To remove these poorly aligned sequences, we used the automated trimming program SPRUCEUP (Borowiec, 2019) on the complete set of UCE alignments. This program identifies outlier alignment sequences in individual samples, rather than alignment columns, and trims the sequences based on user defined cutoffs applied to all samples or to specific samples only. In the configuration file, we set SPRUCEUP to use the Jukes-Cantor-corrected distance calculation, a window size of 20 base pairs (bp), an overlap size of 15 bp, a lognormal distribution, and a cutoff value of 0.98. Additionally, we used manual cutoffs for the samples with the most exaggerated terminal branch lengths (Osmia_maxillaris_BLX43:0.039, Osmia_melanocephala_BLX45:0.035, Osmia_emarginata_infuscata_BLX38:0.04, Osmia_mustelina_umbrosa_BLX47:0.047, Osmia_cornuta_BLX35:0.037, Osmia_cerinthidis_cerinthidis_BLX32:0.04, Osmia_cerinthidis_cerinthidis_BLX176:0.05, Osmia_rufina_BLX368:0.04, Osmia_bicornis_globosa_BLX174:0.037). We arrived at these settings over several rounds of testing, with the objective being to do minimal trimming for most species and more aggressive trimming for the problematic samples (trimming results show in Fig. 1).
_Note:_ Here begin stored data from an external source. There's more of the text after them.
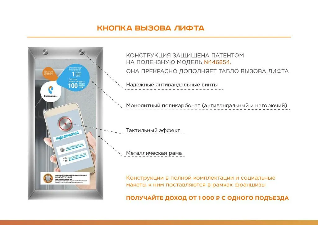 - Оборудование: Франчайзи получают от 300 до 1 300 рекламных конструкций и соответствующее количество макетов для размещения социальной рекламы на кнопках и табло лифта.
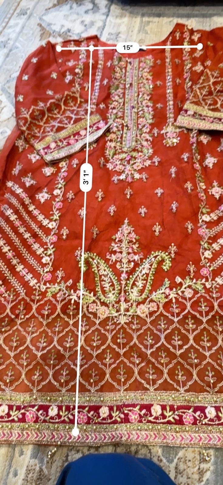 Desi Embroidered Red Kurta with Floral Design Size Large
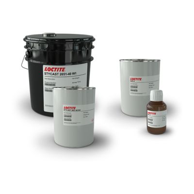 LOCTITE® STYCAST 2651-40 W1 with CAT 9 low-viscosity epoxy encapsulant is perfect for general purpose applications. It can be color coded, has room temperature cure capability, and excellent adhesion to a wide variety of substrates. When fully cured, it can be readily machined with carbide tools.
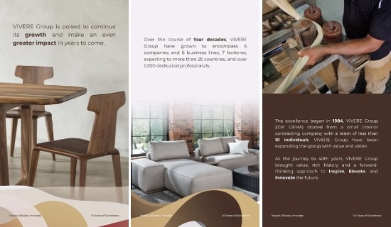Selama empat puluh tahun terakhir, VIVERE Group telah berkembang dan mendapatkan pengakuan dalam bidang interior contracting, jasa mechanical-electrical, furniture manufacture and component, perabot kantor, serta perabot dan perlengkapan rumah tangga. Kini VIVERE Group telah memiliki lebih dari 1.500 karyawan.
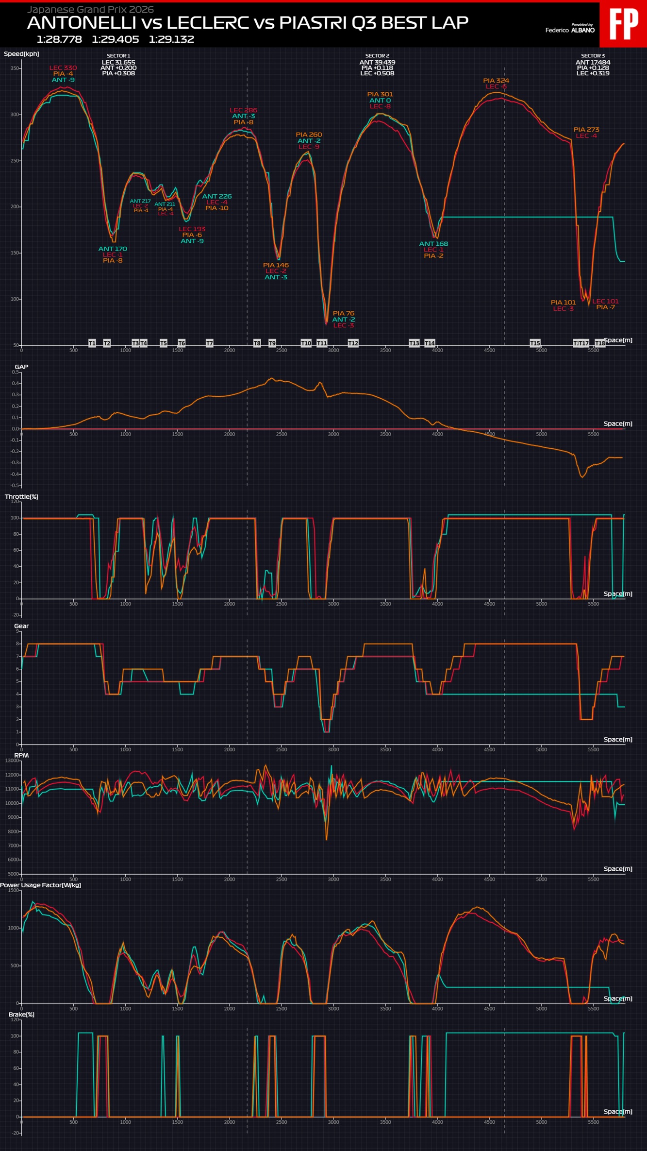Note: the data provided by the Federation continues to be incredibly irregular and incomplete. Unfortunately, on the lap that earned Antonelli pole, from the exit of the Spoon onwards his data control unit blocked as can be seen from the graph. It’s not just a problem for Mercedes but one that alternated with all the teams throughout the entire session.
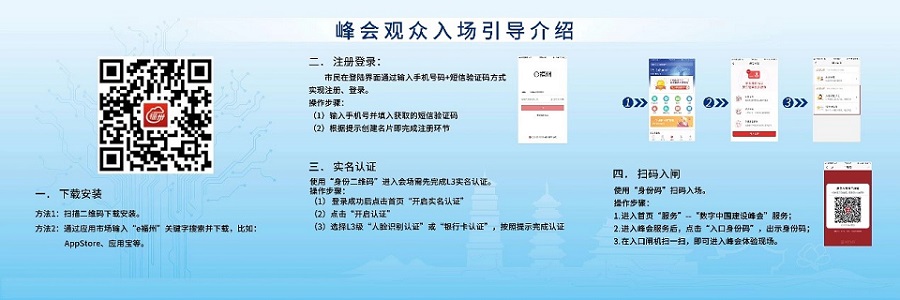 普通观众参展方式:观众只需下载安装“e福州”APP并完成实名认证,在会场入口处点击页面上的“入口身份码”标识,通过闸机扫一扫即可进入峰会现场。
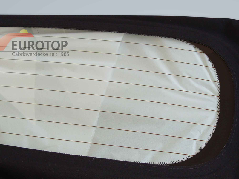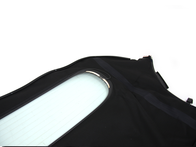 Lunette arrière en polyglass flexible, de la même épaisseur (1 mm) que l'original, certifiée TÜV et cousue en permanence.
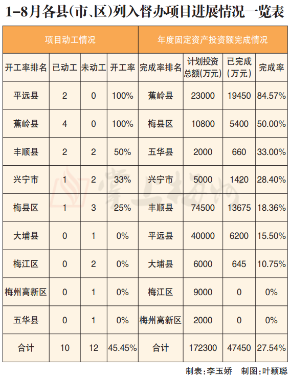 與1-7月督查通報(bào)的數(shù)據(jù)相比,全市無新增動(dòng)工項(xiàng)目。從年度固定資產(chǎn)投資額完成情況看,蕉嶺縣繼續(xù)保持全市第一位,1-7月完成投資額19450萬元,完成率由81.30%增加到84.57%。完成率增加的還有梅縣區(qū)、興寧市、豐順縣、平遠(yuǎn)縣、五華縣、大埔縣,梅縣區(qū)由26.74%增加至50%,興寧市由24.40%增加至28.40%,豐順縣由18.13%增加至18.36%,平遠(yuǎn)縣由7.25%增加至15.50%,五華縣由6.50%增加至33%,大埔縣固投額“破0”,已完成投資645萬元,完成率為10.75%。梅江區(qū)、梅州高新區(qū)完成率依舊為0%。
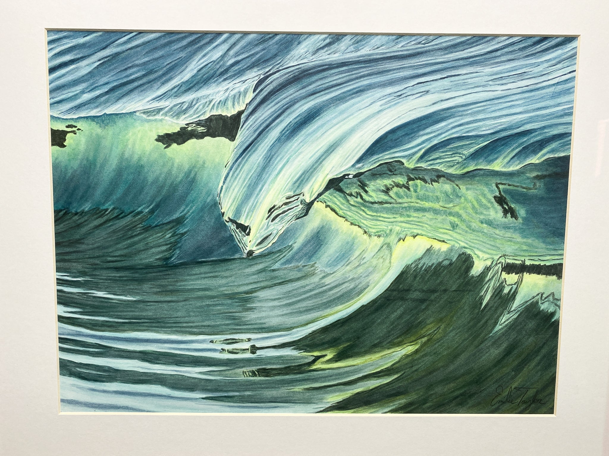 The painting is sign in ink. The Mat is signed, plus has the date the painting for finished and the name.
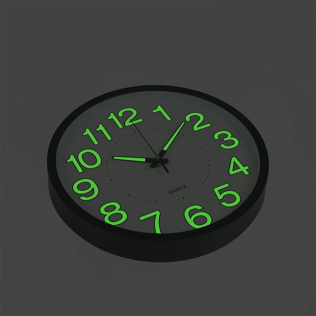 During the day, the coating on the numbers and hands absorb the sunlight or room lighting. At night, the clock emits that stored light, making the hands and numbers glow. To increase the brightness, make sure to increase its exposure to light during the day. Four to eight hours is usually enough to absorb enough light to glow all night long. It makes a great wedding, birthday, housewarming, or holiday gift as well. Always know what time it is, day or night, without having to glance at your cell phone. Order your wall clock today!
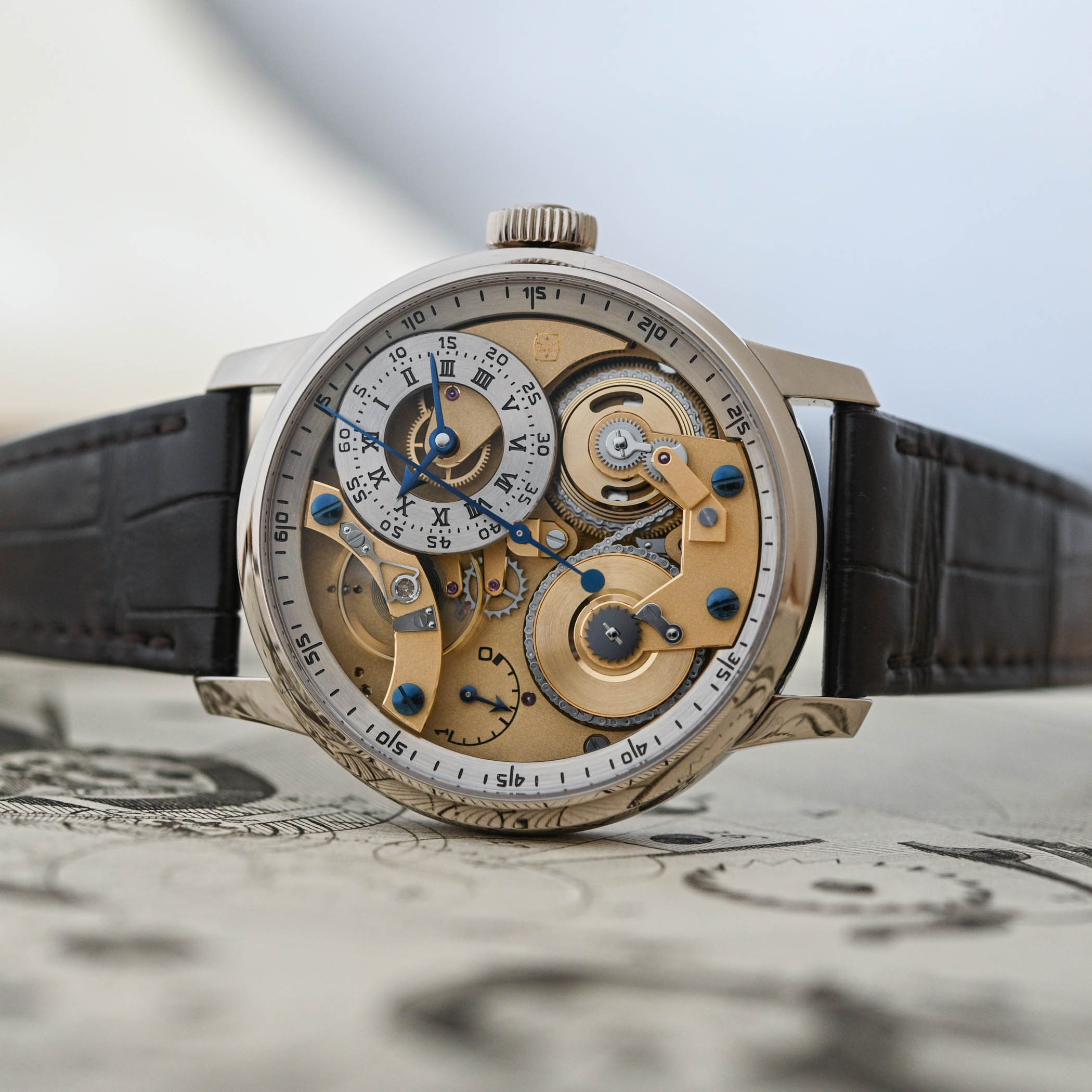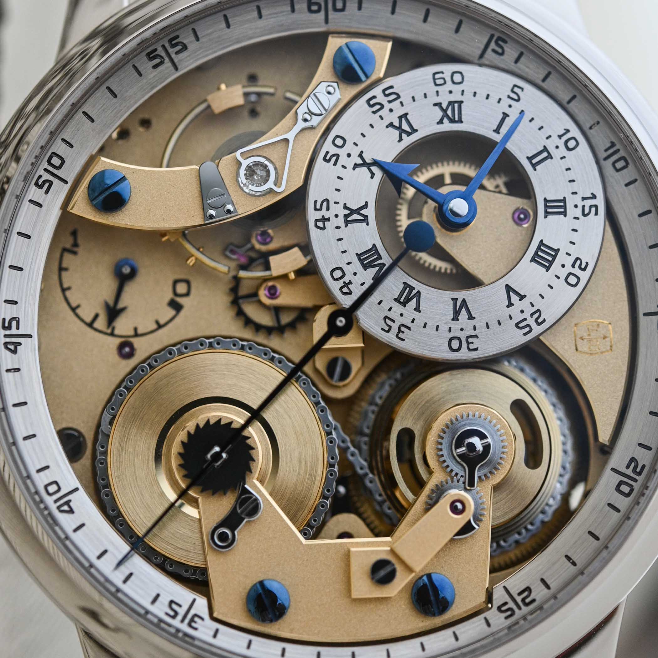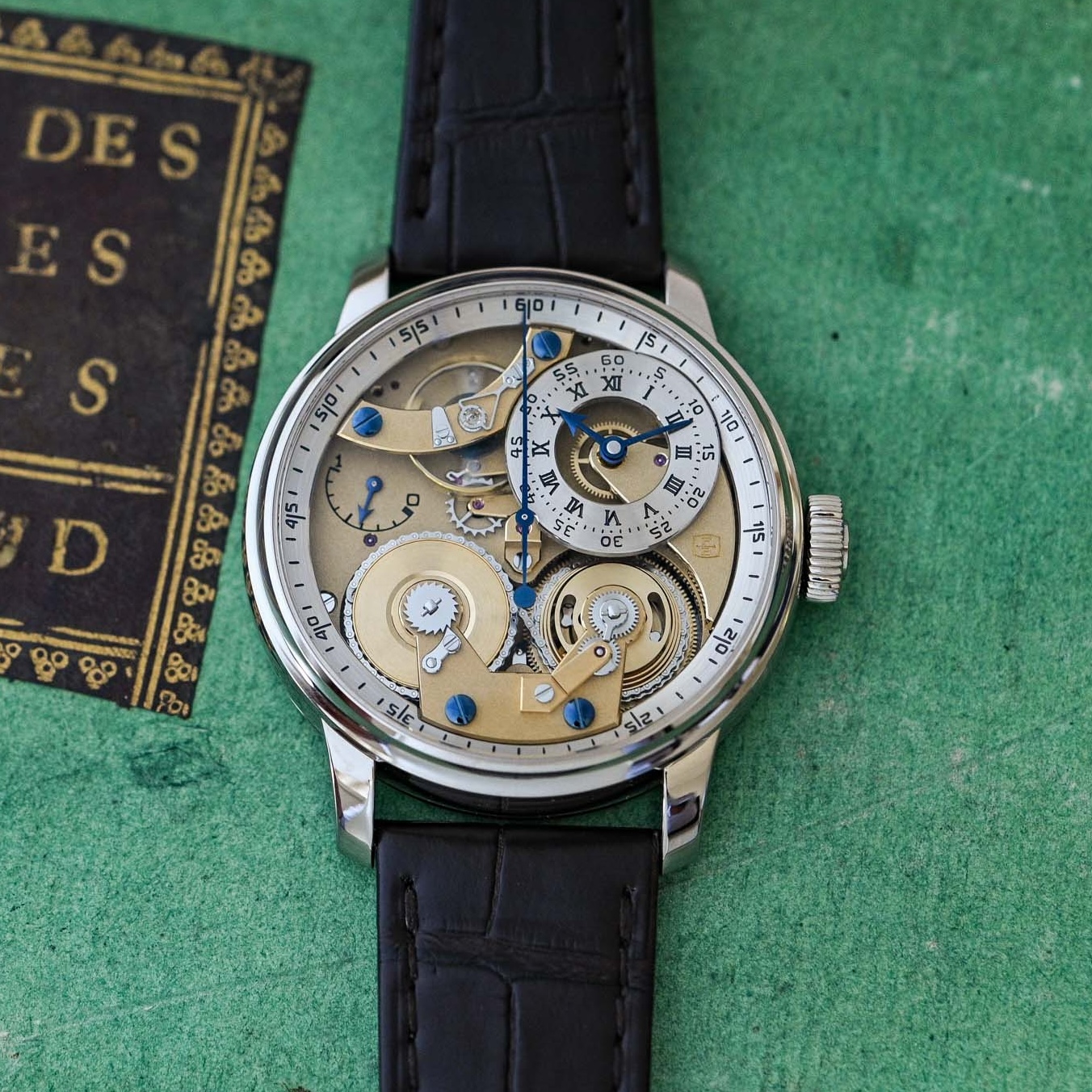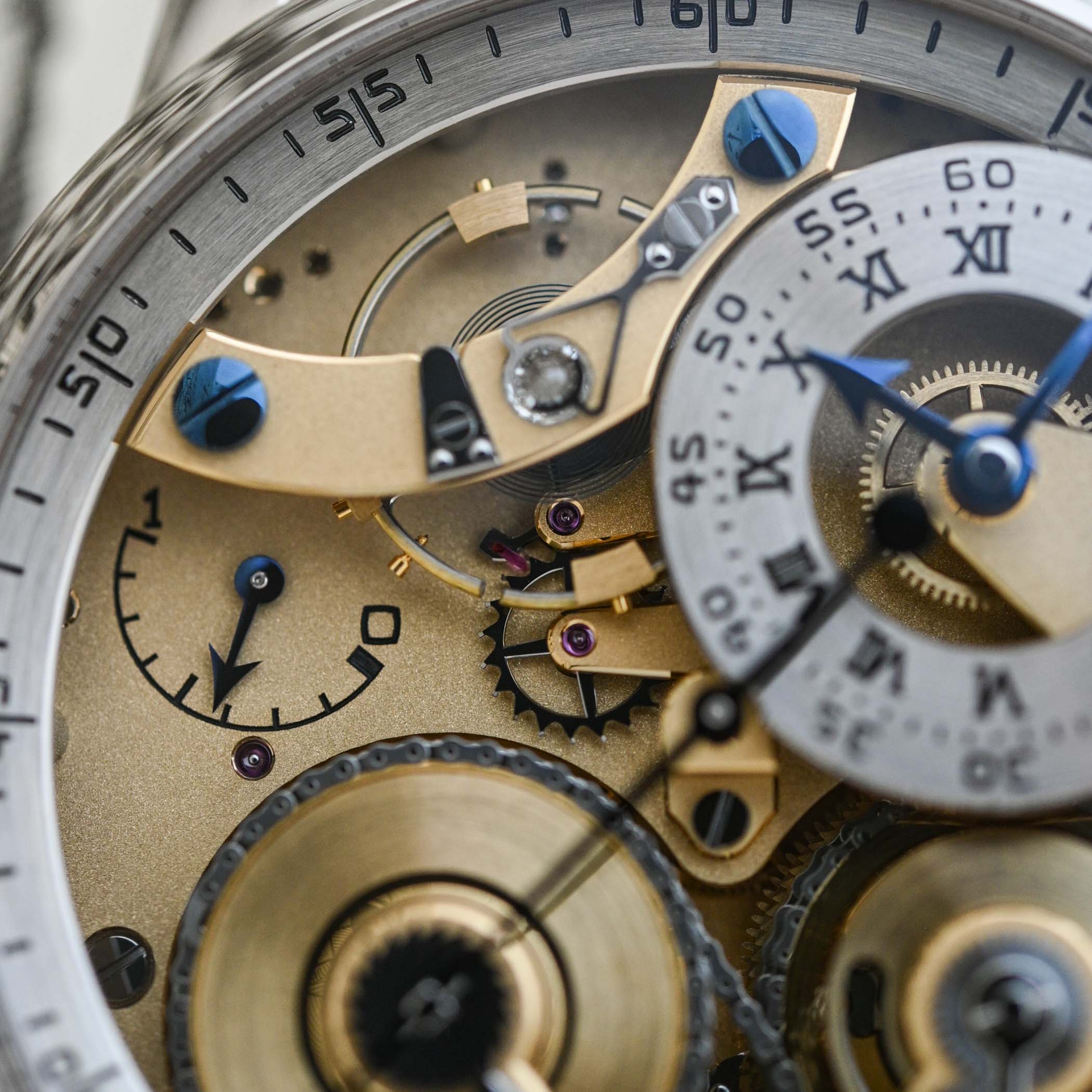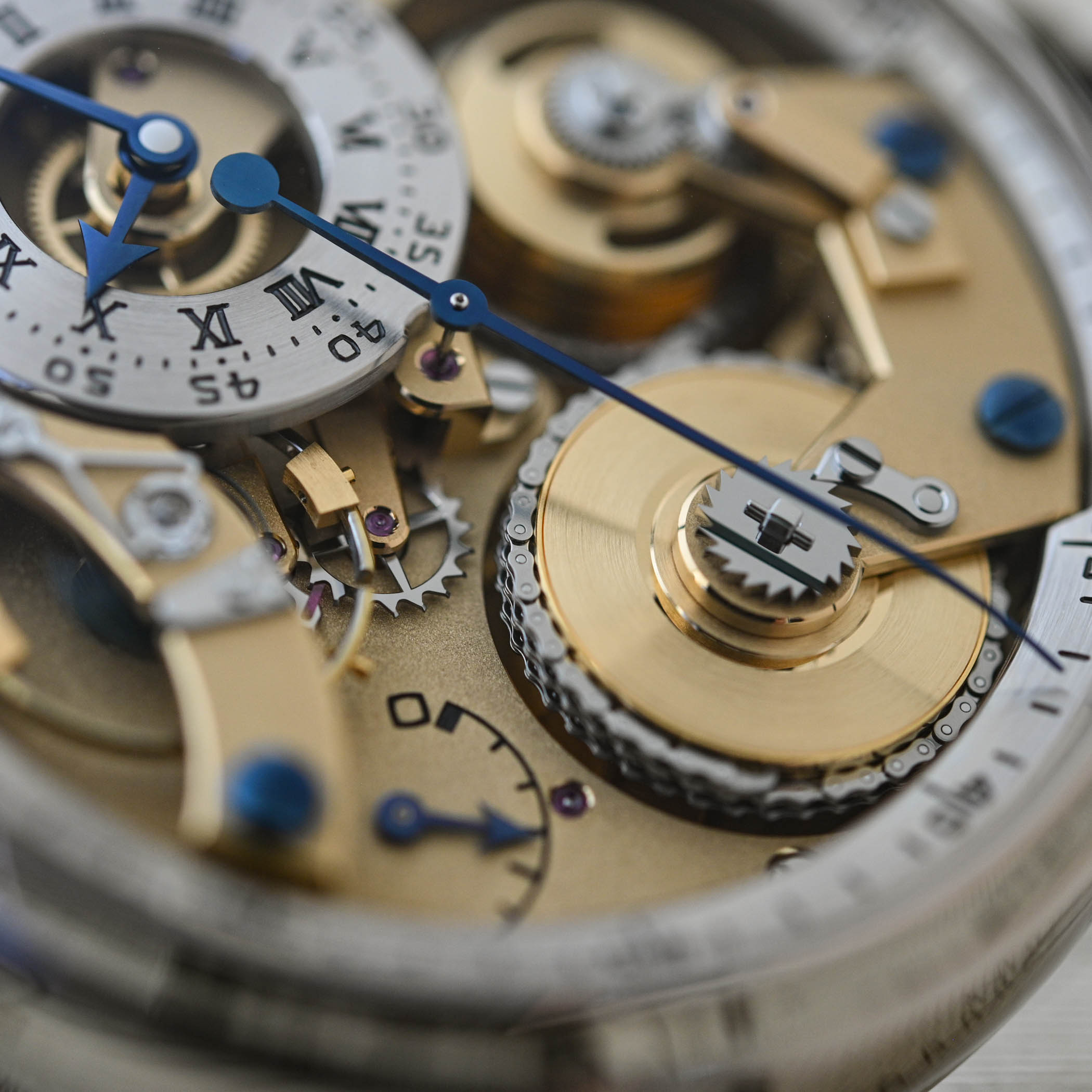 In pure Berthoud fashion, all the structure of the movement, with its stepped bridges and pillars, is entirely visible. The focus on chronometry is also evident, with a constant-force mechanism (fusée-and-chain), a bimetallic Guillaume-type thermo-compensated split balance, a stop-seconds mechanism, and more.
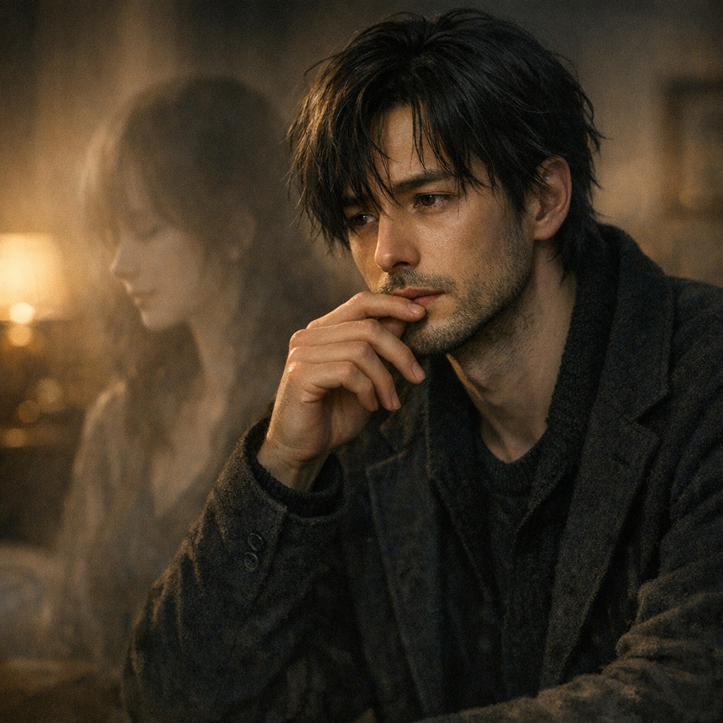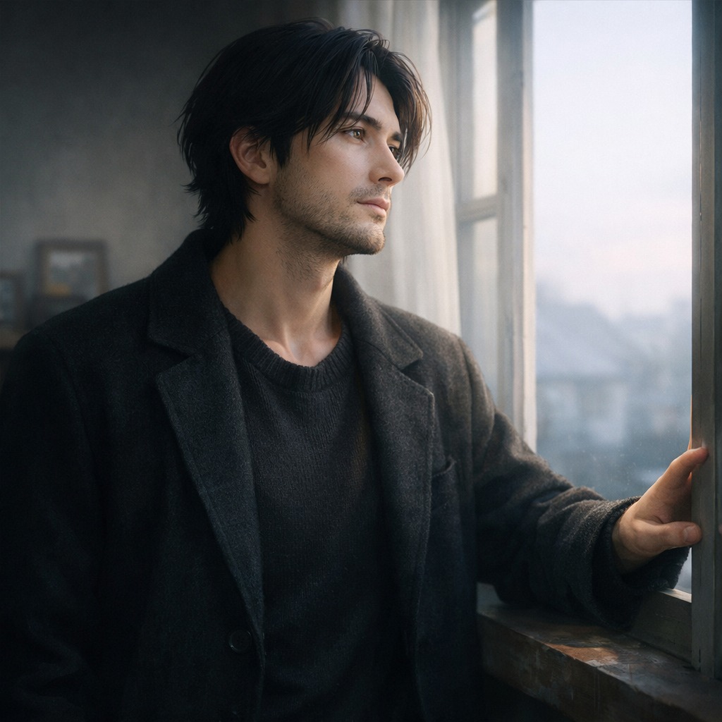 A hopeful fusion of classical music, cyberwave, electro-gothic, and cinematic dark pop at 105 BPM, Warm dark synth pads, soft pulsing bass, and restrained arpeggios create a reflective foundation, while strings carry the main melody with nostalgic cinematic weight, Brass, especially French horns and trombones, adds broad emotional contrast and gentle dramatic lift rather than menace, The male vocal stays intimate and grounded, moving through memory, grief, and release with calm strength, The solo expands fully, with strings driving the main melody and brass answering in a dynamic counter-line, The overall sound should feel reflective, open, and healing, with sadness still present but no longer dominant, It should be uplifting in a quiet, earned way, never glossy or euphoric

Following trimming with SPRUCEUP, we used PHYLUCE to re-trim all alignments with GBLOCKS (same settings as above) and then to filter the alignments for taxon occupancy, requiring loci to have 0%, 50%, 75%, 90%, 95%, 98%, and 100% taxon completeness. For each resulting set of filtered loci, we used PHYLUCE to generate descriptive statistics for the data and to concatenate the loci into a supermatrix for analysis. For each supermatrix we performed an unpartitioned phylogenetic analysis with IQ-TREE v2 (Minh et al., 2020), selecting GTR+F+G4 as the model of sequence evolution and performing 1,000 Ultrafast Bootstrap replicates (UFB; Hoang et al., 2018) and 1,000 replicates of the SH-like approximate likelihood ratio test (SH-aLRT; Guindon et al., 2010). For most analyses we used the GTR+F+G4 model only and did not perform model testing. This was done because using more complex models does not negatively impact phylogenetic results (Abadi et al., 2019), even when a less complex model might be favored. We also avoided using the proportion of invariant sites (+I) model with gamma distributed rates (+G) for among-site rate heterogeneity because the two parameters cannot be optimized together (Yang, 2006). Based on a review of the matrix statistics and the results of the unpartitioned analyses, we selected the 75% complete locus set as the focal set for additional analyses.